> [WORK TASK]: Give the listing back in full, exactly as written, with the pictures removed.

> [DATA FOR THE TASK]:

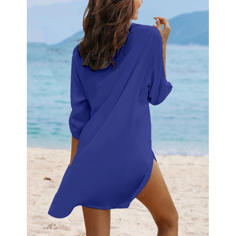 - 【Fashion Design】Womens swimsuit cover up features a deep v-neck and side split on the asymmetrical hem, making you sexy and hot. The shirt collar cover up never goes out of style
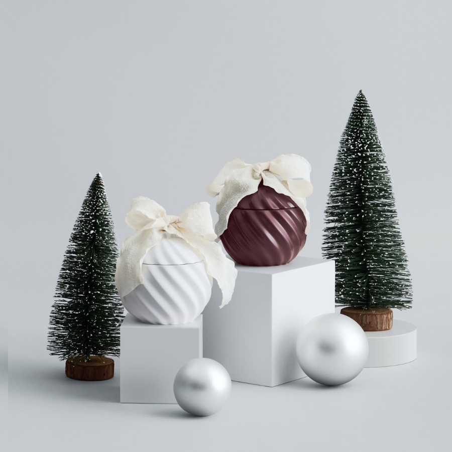 Hũ xi măng xoắn đỏ tượng trưng cho sức sống và đam mê, ẩn chứa bên trong là bản hương gỗ phương Bắc pha lẫn hương hoa tinh tế.
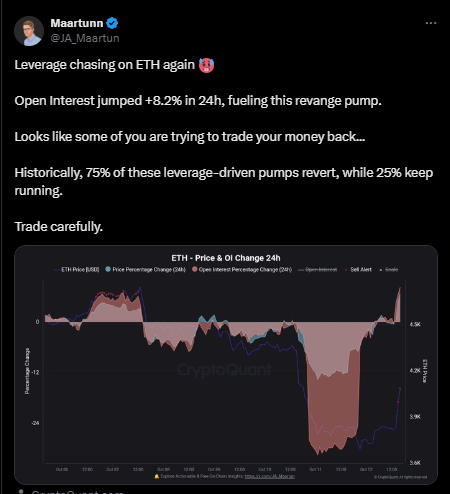 CryptoQuant分析师Maartunn表示多数杠杆驱动的反弹难以持续。他在X平台发文指出,资金费率与爆仓集群仍处于高位。"复仇交易"能准确描述当前模式——交易者试图快速挽回损失,往往催生短暂反弹。
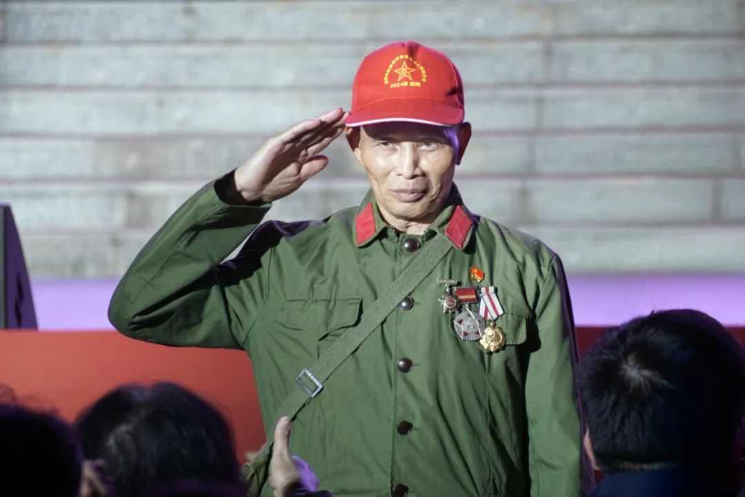 龍旭堂、歐仔萬兩位一等功臣來到現場,為晚會增添了莊重而崇高的色彩。此外,96歲高齡的“共和國勳章”獲得者李延年同志未能來到現場,通過視頻的形式向晚會送來了真誠祝福。
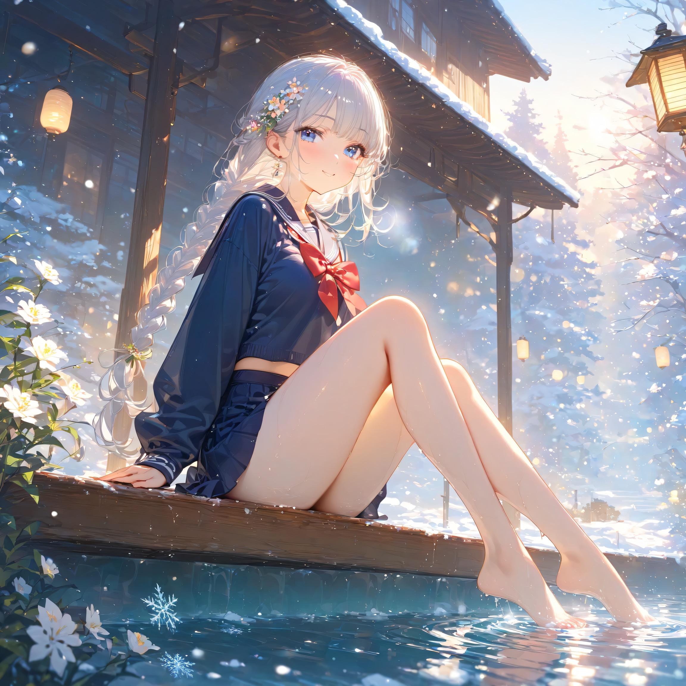 あったか~い♪あなたもどう? 真冬日と足湯と少女
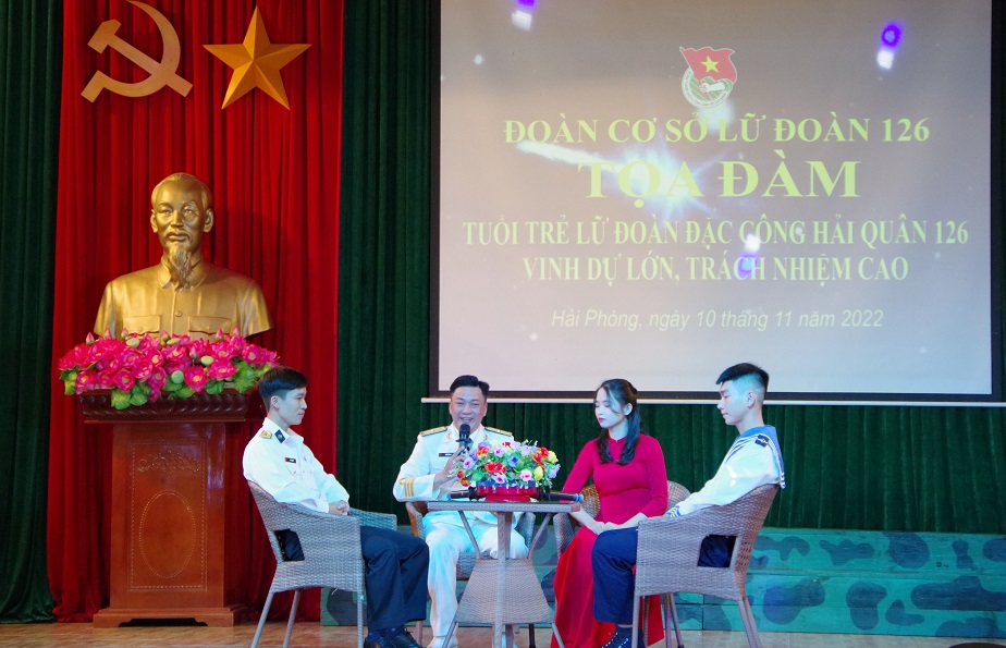 Tại buổi tọa đàm, cán bộ, đoàn viên, thanh niên đã trao đổi, thảo luận, phản ánh vinh dự được công tác tại Lữ đoàn Đặc công Hải quân 126, đơn vị có bề dày truyền thống và 3 lần được tuyên dương danh hiệu Anh hùng lực lượng vũ trang nhân dân.

> [COMPLETED EXERCISE]:
 - 【Fashion Design】Womens swimsuit cover up features a deep v-neck and side split on the asymmetrical hem, making you sexy and hot. The shirt collar cover up never goes out of style
 Hũ xi măng xoắn đỏ tượng trưng cho sức sống và đam mê, ẩn chứa bên trong là bản hương gỗ phương Bắc pha lẫn hương hoa tinh tế.
 CryptoQuant分析师Maartunn表示多数杠杆驱动的反弹难以持续。他在X平台发文指出,资金费率与爆仓集群仍处于高位。"复仇交易"能准确描述当前模式——交易者试图快速挽回损失,往往催生短暂反弹。
 龍旭堂、歐仔萬兩位一等功臣來到現場,為晚會增添了莊重而崇高的色彩。此外,96歲高齡的“共和國勳章”獲得者李延年同志未能來到現場,通過視頻的形式向晚會送來了真誠祝福。
 あったか~い♪あなたもどう? 真冬日と足湯と少女
 Tại buổi tọa đàm, cán bộ, đoàn viên, thanh niên đã trao đổi, thảo luận, phản ánh vinh dự được công tác tại Lữ đoàn Đặc công Hải quân 126, đơn vị có bề dày truyền thống và 3 lần được tuyên dương danh hiệu Anh hùng lực lượng vũ trang nhân dân.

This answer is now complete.